┌─ Task input

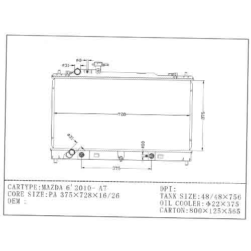 RADIADOR MAZDA 6 1.8 2.0 ATM 2007-2013 LFY1-15-SB0 375X728X26 16119
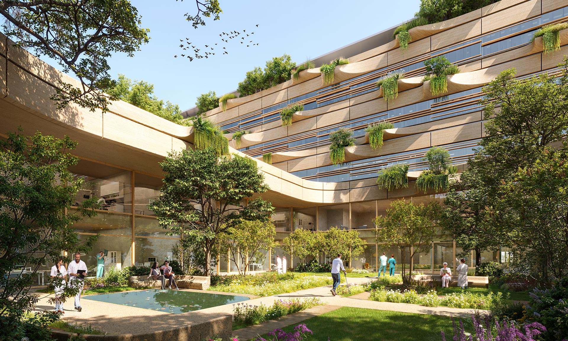 „Kompaktní struktura sestávající z pěti nadzemních podlaží a jednoho podzemního podlaží bude zahrnovat přibližně 90 000 metrů čtverečních organizovaných podle intenzity péče, která zahrnuje pohotovostní služby, chirurgii a intenzivní péči v multifunkčním operačním bloku s radiologickými, intervenčními a diagnostickými místnostmi. Nemocnice bude zahrnovat rozsáhlá ambulantní a lůžková zařízení, oddělení péče o matky a děti a diagnostické a terapeutické zóny s ošetřovnami. Návrh také počítá s klinikami prvního a druhého stupně, dalšími klinikami pro péči o matky a děti, spolu se specializovanými oblastmi pro rehabilitaci, laboratořemi a logistikou. Všechna zařízení v nemocnici jsou navržena tak, aby je bylo možné snadno rekonfigurovat podle měnících se potřeb,“ dodávají s tím, že na střeše budou zelené terasy s promenádami pro relaxaci a rehabilitaci. Přístřešek bude tvořen fotovoltaickými panely.
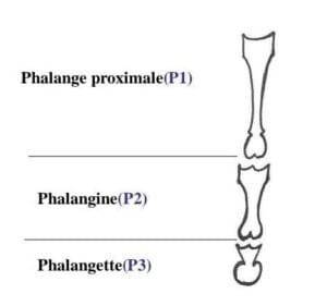 Les phalanges prolongent les métacarpiens et se présentent comme des os longs et symétriques. Chaque doigt comporte trois phalanges (proximal, moyen, distal), sauf le pouce qui n’en a que deux. Chaque phalange possède une base (épiphyse proximale), une diaphyse et une tête (épiphyse distale). On distingue : la phalange proximale (P1), la phalangine (P2) et la phalangette (P3). La base de P3 fusionne pratiquement avec sa tête, et chaque phalange terminale se termine par une tubérosité en fer à cheval appelée houppe phalangienne.
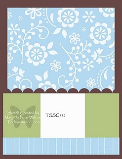 This is going to be short and sweet when it comes to the card. My creation today uses Mary Jo’s Monday Lunchtime Sketch. The sketch is great for using up some of the designer series paper before it retires so I grabbed my pack of Tea Party. I don’t have much of this left so I think I have done well with this pack. I added a punched flower in the upper corner to tone down the paper. I also added ribbon on the diagonal on the bottom panel. I created a mirror image of the ribbon on the opposite side. Here is the sketch and my creation.
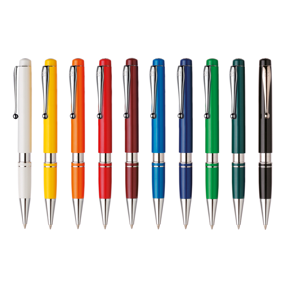 Kauniisti muotoiltu kuulakärkikynä kromatuilla yksityiskohdilla. Kynän yläosa toimii painomekanismina.
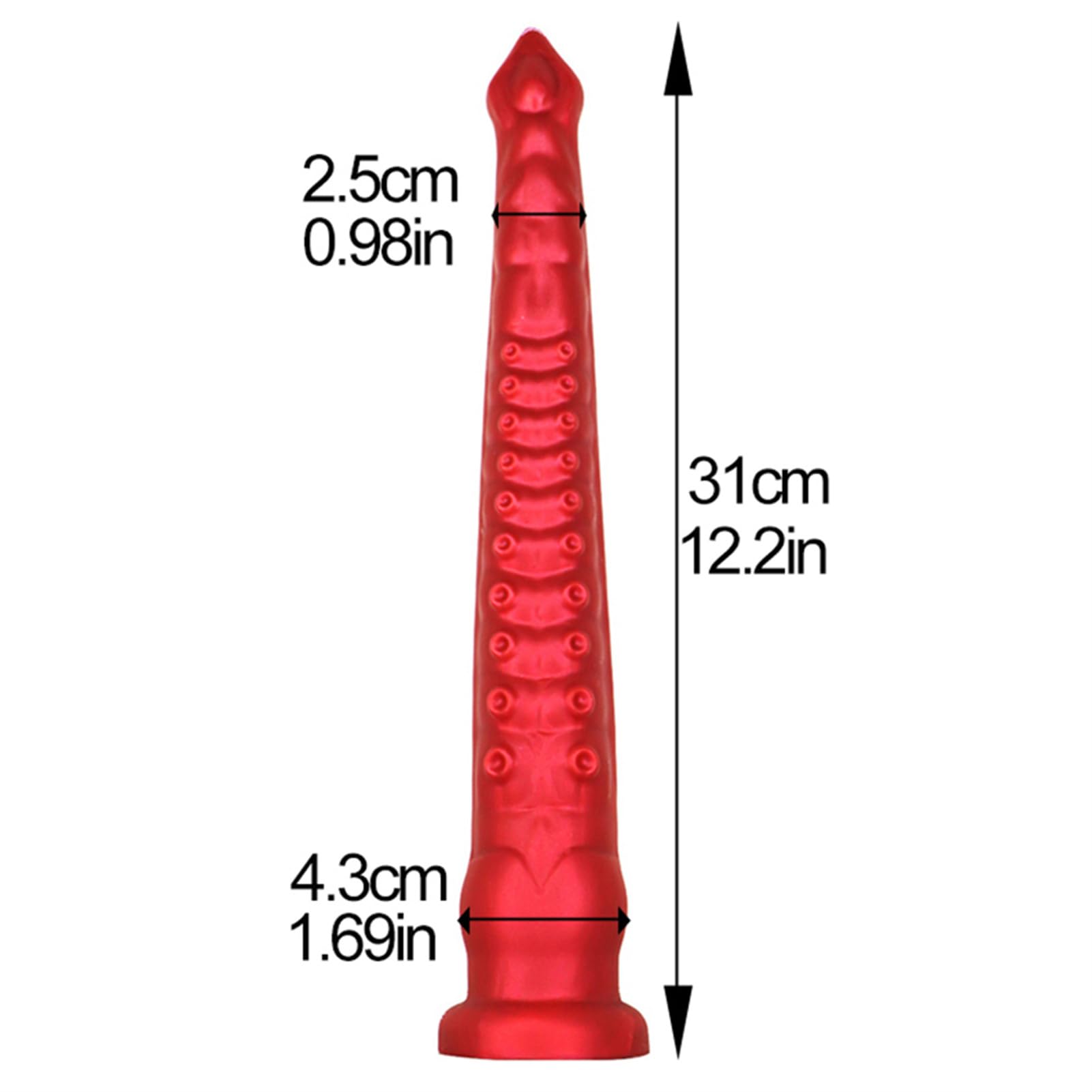 Q: What are the dimensions of the PONGGAO 12.2 Inch Large Dildo?A: The dimensions of the PONGGAO 12.2 Inch Large Dildo are 31 cm in length, 4.3 cm in width, and 2.5 cm in thickness (approximately 12.2 x 1.69 x 0.98 inches).
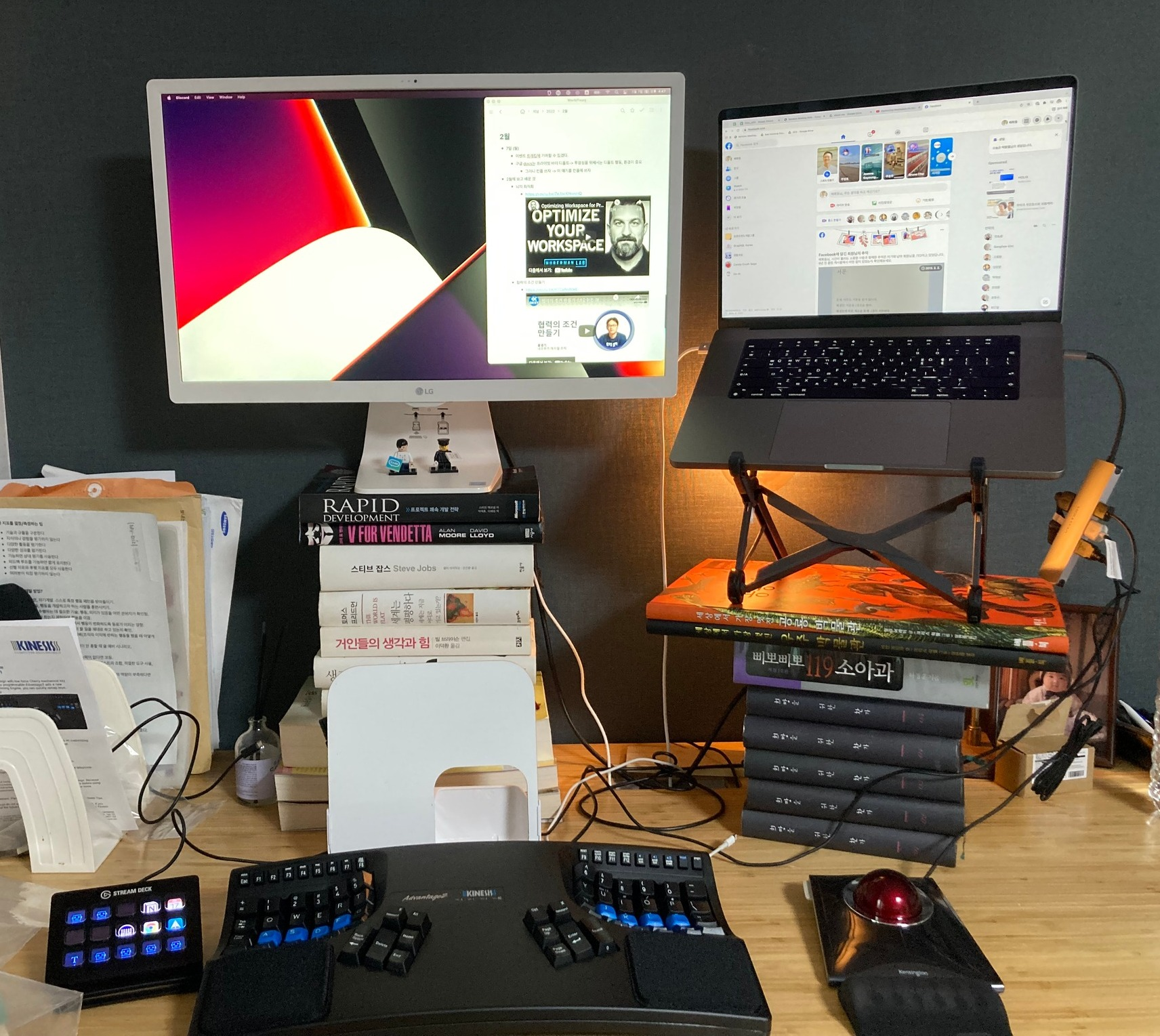또한 우리의 눈이 어디를 보고 있는가도 깨어있는 것과 큰 연관이 있습니다. 기본적으로 코의 위치보다 조금 위쪽을 바라보면 더 깨어있게 되고, 아래를 보면 더 차분해지고 졸리다고 합니다. 저는 원래도 목 건강을 위해 책을 쌓아서 모니터를 높였었지만 이 얘기를 듣고 책을 훨씬 더 쌓았습니다. 세팅 직후에는 아래 사진만큼 높았는데, 너무 높였는지 목이 뻐근하길래 지금은 두꺼운 책을 한 권씩은 빼둔 상태입니다.
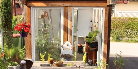 Nachdem wir unser kleines Häuschen am Stadtrand von Graz umgebaut hatten, türmten sich Reste von Baumaterialien und „Abfälle“ im Garten. Wenn ich Abends durch unsere neue, 8 Meter breite Einfahrt nach Hause kam, konnte ich den Anblick von Holzstapeln, alten Fenstern und Gerüstteilen irgendwann nicht mehr ertragen. Andererseits fand ich, waren die Materialien auch zu wertvoll um sie einfach zu entsorgen. Für ein DIY Glashaus für Pflanzen waren sie genau richtig.
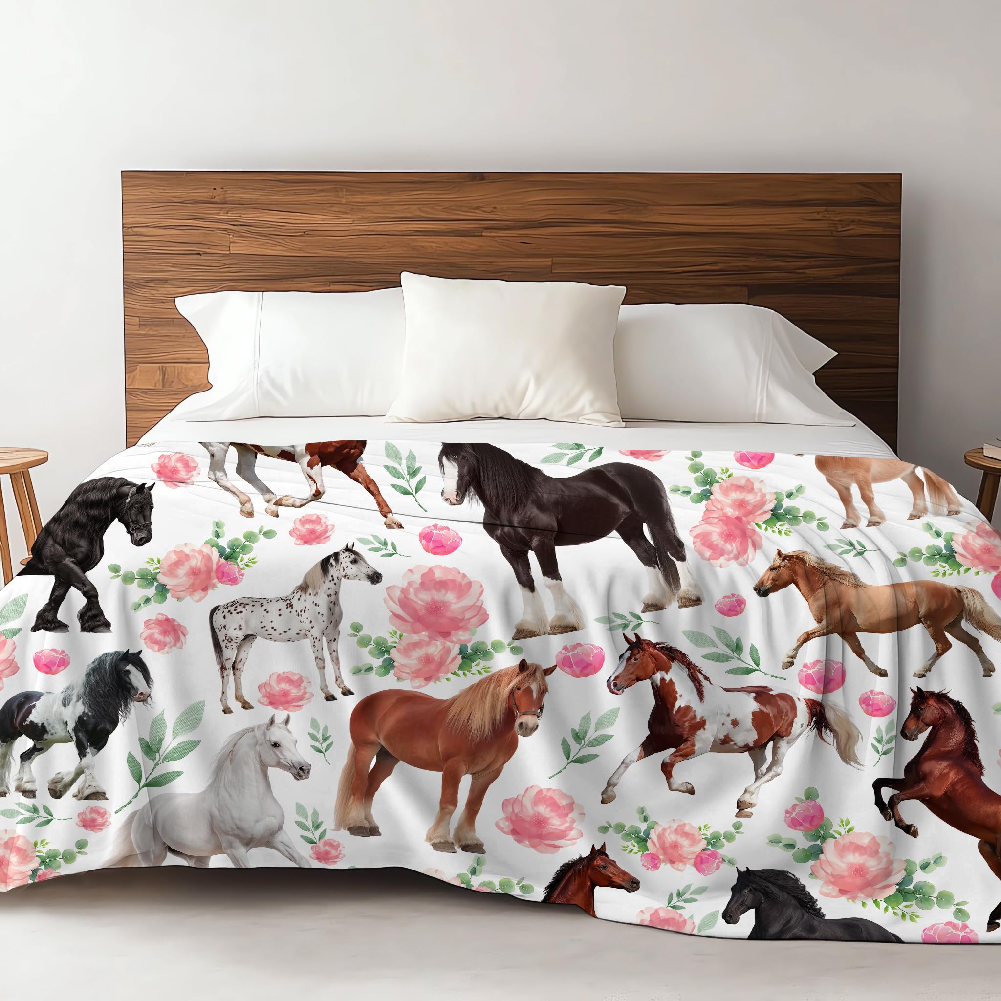 VERSATILE USAGE-This adorable horse print blanket is your perfect companion - whether you're binge-watching shows at home, studying in your dorm, or out camping and traveling. Lightweight and easy to carry yet super cozy, it keeps you warm during library sessions or outdoor adventures. Kids love snuggling with it while teens use it as cute bedroom decor. From home to outdoors, for children to adults, this versatile blanket brings warmth and charm to every moment of your day.
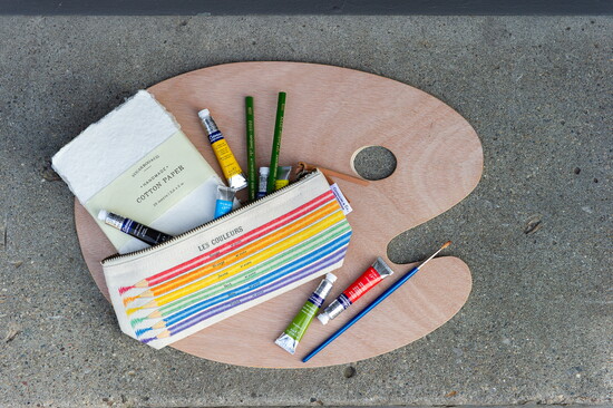 Organize art supplies in style with this Mini Zippered Pouch. Made from 100% cotton and featuring a colorful vintage image from the Cavallini archives, it’s perfect for pencils, markers, tiny sketchbooks and small essentials. A delightful, affordable gift for kids of all ages.
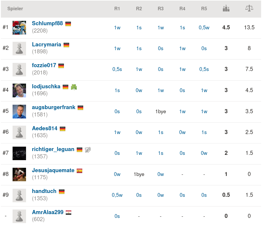 Angelockt von der deutlich verkürzten Bedenkzeit (wir spielten heute erstmals mit 10|3 anstatt wie bisher mit 15|5) trat diesmal sogar unser Blitzmonster Fozzie mit zum Rapid an. Doch auch er konnte nicht verhindern, dass nach den fünf zu absolvierenden Runden Schlumpf88 alleine an der Spitze stand – die gesamte fünfköpfige Verfolgergruppe war von ihm um 1,5 Punkte distanziert worden. Natürlich hatte dazu auch beigetragen, dass sich die Verfolger gegenseitig Punkte abnahmen. Der Endstand:

└─

**Problem:** If a record holds a picture, leave the picture out, but copy everything else exactly.

**Answer to this problem:**
 RADIADOR MAZDA 6 1.8 2.0 ATM 2007-2013 LFY1-15-SB0 375X728X26 16119
 „Kompaktní struktura sestávající z pěti nadzemních podlaží a jednoho podzemního podlaží bude zahrnovat přibližně 90 000 metrů čtverečních organizovaných podle intenzity péče, která zahrnuje pohotovostní služby, chirurgii a intenzivní péči v multifunkčním operačním bloku s radiologickými, intervenčními a diagnostickými místnostmi. Nemocnice bude zahrnovat rozsáhlá ambulantní a lůžková zařízení, oddělení péče o matky a děti a diagnostické a terapeutické zóny s ošetřovnami. Návrh také počítá s klinikami prvního a druhého stupně, dalšími klinikami pro péči o matky a děti, spolu se specializovanými oblastmi pro rehabilitaci, laboratořemi a logistikou. Všechna zařízení v nemocnici jsou navržena tak, aby je bylo možné snadno rekonfigurovat podle měnících se potřeb,“ dodávají s tím, že na střeše budou zelené terasy s promenádami pro relaxaci a rehabilitaci. Přístřešek bude tvořen fotovoltaickými panely.
 Les phalanges prolongent les métacarpiens et se présentent comme des os longs et symétriques. Chaque doigt comporte trois phalanges (proximal, moyen, distal), sauf le pouce qui n’en a que deux. Chaque phalange possède une base (épiphyse proximale), une diaphyse et une tête (épiphyse distale). On distingue : la phalange proximale (P1), la phalangine (P2) et la phalangette (P3). La base de P3 fusionne pratiquement avec sa tête, et chaque phalange terminale se termine par une tubérosité en fer à cheval appelée houppe phalangienne.
 This is going to be short and sweet when it comes to the card. My creation today uses Mary Jo’s Monday Lunchtime Sketch. The sketch is great for using up some of the designer series paper before it retires so I grabbed my pack of Tea Party. I don’t have much of this left so I think I have done well with this pack. I added a punched flower in the upper corner to tone down the paper. I also added ribbon on the diagonal on the bottom panel. I created a mirror image of the ribbon on the opposite side. Here is the sketch and my creation.
 Kauniisti muotoiltu kuulakärkikynä kromatuilla yksityiskohdilla. Kynän yläosa toimii painomekanismina.
 Q: What are the dimensions of the PONGGAO 12.2 Inch Large Dildo?A: The dimensions of the PONGGAO 12.2 Inch Large Dildo are 31 cm in length, 4.3 cm in width, and 2.5 cm in thickness (approximately 12.2 x 1.69 x 0.98 inches).
또한 우리의 눈이 어디를 보고 있는가도 깨어있는 것과 큰 연관이 있습니다. 기본적으로 코의 위치보다 조금 위쪽을 바라보면 더 깨어있게 되고, 아래를 보면 더 차분해지고 졸리다고 합니다. 저는 원래도 목 건강을 위해 책을 쌓아서 모니터를 높였었지만 이 얘기를 듣고 책을 훨씬 더 쌓았습니다. 세팅 직후에는 아래 사진만큼 높았는데, 너무 높였는지 목이 뻐근하길래 지금은 두꺼운 책을 한 권씩은 빼둔 상태입니다.
 Nachdem wir unser kleines Häuschen am Stadtrand von Graz umgebaut hatten, türmten sich Reste von Baumaterialien und „Abfälle“ im Garten. Wenn ich Abends durch unsere neue, 8 Meter breite Einfahrt nach Hause kam, konnte ich den Anblick von Holzstapeln, alten Fenstern und Gerüstteilen irgendwann nicht mehr ertragen. Andererseits fand ich, waren die Materialien auch zu wertvoll um sie einfach zu entsorgen. Für ein DIY Glashaus für Pflanzen waren sie genau richtig.
 VERSATILE USAGE-This adorable horse print blanket is your perfect companion - whether you're binge-watching shows at home, studying in your dorm, or out camping and traveling. Lightweight and easy to carry yet super cozy, it keeps you warm during library sessions or outdoor adventures. Kids love snuggling with it while teens use it as cute bedroom decor. From home to outdoors, for children to adults, this versatile blanket brings warmth and charm to every moment of your day.
 Organize art supplies in style with this Mini Zippered Pouch. Made from 100% cotton and featuring a colorful vintage image from the Cavallini archives, it’s perfect for pencils, markers, tiny sketchbooks and small essentials. A delightful, affordable gift for kids of all ages.
 Angelockt von der deutlich verkürzten Bedenkzeit (wir spielten heute erstmals mit 10|3 anstatt wie bisher mit 15|5) trat diesmal sogar unser Blitzmonster Fozzie mit zum Rapid an. Doch auch er konnte nicht verhindern, dass nach den fünf zu absolvierenden Runden Schlumpf88 alleine an der Spitze stand – die gesamte fünfköpfige Verfolgergruppe war von ihm um 1,5 Punkte distanziert worden. Natürlich hatte dazu auch beigetragen, dass sich die Verfolger gegenseitig Punkte abnahmen. Der Endstand:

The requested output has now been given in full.